A neural network simply takes an input, in this case a small graphic representing the sprites in the game it’s playing, sends that input through a series of artificial neurons, and turns that into commands for the controller. It’s an exceedingly simple neural network – the network that can get Mario through an entire level is less than a dozen neurons – but with enough training, even simple networks can accomplish very complex tasks.
To train the network, or weighting the connections between inputs, neurons, and outputs, [SethBling] is using an evolutionary algorithm. This algorithm first generates a few random neural networks, watches Mario’s progress across Donut Plains 1, and assigns a fitness value to each net. The best networks of each generation are combined, and the process continues for the next generation. It took 34 generations before MarI/O could finish the level without dying.

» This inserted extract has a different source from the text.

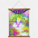 The polyester fabric displayed many wrinkles and several sharp creases throughout. At the bottom of the tapestry, I noticed a bulge in the fabric because it was not pulled tight enough before being connected to the wooden boards. It took me over an hour to spay water on the tapestry before putting it on an ironing board where I used a warm iron over a polyester cloth to remove the wrinkles and creases in the material. I was able to get out the wrinkles and creases that made that tapestry look as beautiful as its picture.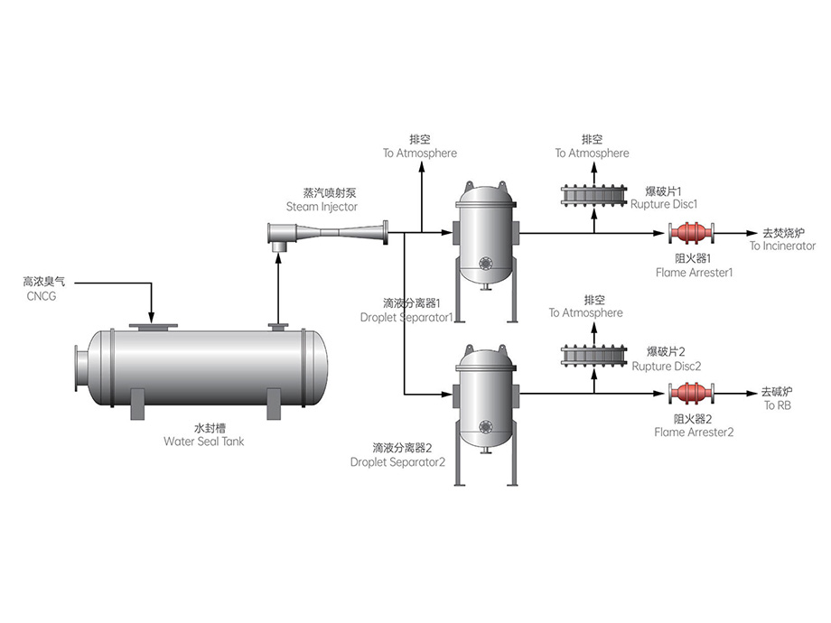 CNCG进入水封槽,经蒸汽喷射泵抽吸,经液滴分离器、阻火器,进焚烧炉燃烧;另一路经液滴分离器、阻火器,zui后进碱炉燃烧。

A few members of the Internet’s peanut gallery have pointed to a paper/YouTube video by [Tom Murphy] that generalized a completely different technique to play a whole bunch of different NES games. While both [SethBling]’s and [Tom Murphy]’s algorithms use certain variables to determine its own success, [Tom Murphy]’s technique works nearly automatically; it will play about as well as the training data it is given. [SethBling]’s algorithm requires no training data – that’s the entire point of using a genetic algorithm.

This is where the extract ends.